Mr. Rupert urged students to leave no stone unturned in finding out everything there is to know about the market and the asset under consideration. When assessing the creditworthiness of tenants, “reading the footnotes can sometimes reveal the true cash generation capabilities, and/or inherent risks of the company”, he said. He stressed that with all the information available to investors today (much of it via the internet) there is no reason to be less than fully informed when making key decisions.

Answering a question about recent transaction volume dropping below the recent annual average of $800 billion, Mr. Rupert responded, “Markets are very challenging today. Many buyers use leverage, and the cost of debt has doubled in some cases —that means lower prices for sellers. In the office sector, things are even more challenging because lender credit departments don’t want more office buildings as collateral; as a result, there are very few transactions taking place. But that’s not to say there won’t be some money made in this cycle. Market participants tend to overreact, and that creates opportunities for informed players. As a property owner, focusing on tenant needs, and keeping buildings occupied is a prudent strategy—it’s much easier and less expensive to incentivize an existing tenant than to go out into the market to replace a tenant should one vacate.”

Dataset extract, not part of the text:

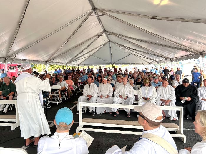 The evening begins at 4 p.m. with a Captains’ Praise and Worship Service held under a large tent overlooking the harbor. Around 5 p.m., clergy will process to the docks to begin blessing the vessels—everything from commercial fishing boats to safety and recreational watercraft. Each participating captain receives a signature blue Blessing of the Fleet flag, a symbol proudly flown to signify protection and faith for the year ahead. In 2025 alone, more than 130 vessels took part in the ceremony.

Mr. Rupert then shifted to sharing several stories and photographs of buildings the Company has owned over the years. Starting in a 2-bedroom apartment in Manhattan Beach, CA (not zoned for office use), and now operating from a large open format headquarters in El Segundo, CA (just south of LAX Airport), Griffin is one of the top integrated companies in the net lease arena, owning key office and industrial properties leased to blue chip tenants such as Shaw (a Berkshire Hathaway company), Restoration Hardware (RH), Amazon, Pepsi and others. Griffin buys existing buildings and does ground up development, with two notable transactions – a 1 million square foot warehouse for RH in California and an 800,000 square foot fulfillment center for Amazon just outside Columbus, OH. That warehouse was delivered within 12 months because Amazon needed it finished before peak holiday shipping season. The warehouse has more than 7 miles of conveyor belts inside and ships over 8 million packages a week. One of Griffin’s most successful investments wasn’t a warehouse, it was Dreamworks’ headquarters in Burbank, CA. There Griffin bought with a belief that with streaming services beginning to take off (Netflix was in its early days when Griffin bought the building), the content creation space would become highly sought after in land-constrained Los Angeles. That strategy was spot on, and Griffin sold the property to an institutional investor at a significant profit.

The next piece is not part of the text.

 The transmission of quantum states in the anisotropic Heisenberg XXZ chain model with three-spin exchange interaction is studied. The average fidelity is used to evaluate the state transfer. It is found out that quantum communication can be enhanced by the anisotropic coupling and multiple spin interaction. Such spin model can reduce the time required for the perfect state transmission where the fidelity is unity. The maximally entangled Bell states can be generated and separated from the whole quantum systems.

Mr. Rupert also shared some photos of the team building and charitable activities of the Company, which he said helped build the company culture of giving back to the communities where employees live and work. Two featured charities over the years were homebuilding with Habitat for Humanity and month-long activities for breast cancer awareness.

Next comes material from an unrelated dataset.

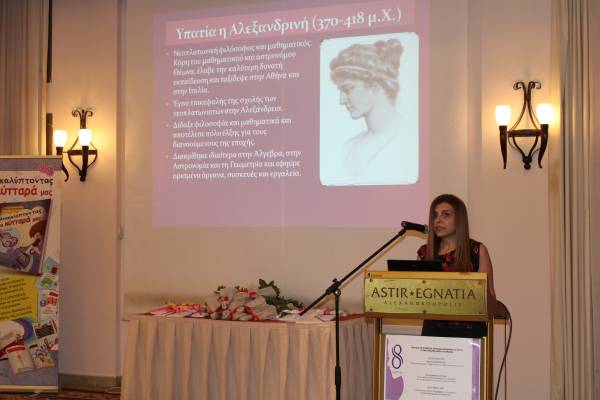 Κεντρική ομιλήτρια της εκδήλωσης, και μία από τις βραβευθείσες, ήταν η Καθηγήτρια Ιστολογίας – Εμβρυολογίας του Τμήματος Ιατρικής του Δημοκριτείου Πανεπιστημίου Θράκης Μαρία Λαμπροπούλου, η οποία στην ομιλία της ανέπτυξε το θέμα «Γυναίκες που άλλαξαν την Ιστορία».

As parting advice, Mr. Rupert reminded Baker students that RE professionals should never take their eye off the ball. “Know what is going on in the market, know your competitors, know when it’s time to invest, but also know where you stand relative to the market and what the numbers say about what’s possible and what’s not. Always be in an analytical mode when thinking or talking real estate. Don’t think that the laws of nature don’t apply to you and your portfolio. Periodic arrogance should be dealt with before it becomes an issue”, he recommended.

Students of the Baker Program thoroughly enjoyed Mr. Rupert’s highly energetic, interactive, and fast-paced talk. The Baker Program thanks Mr. Rupert for his visit and his continued contribution to the Program as a board member and wishes him continued success in the future.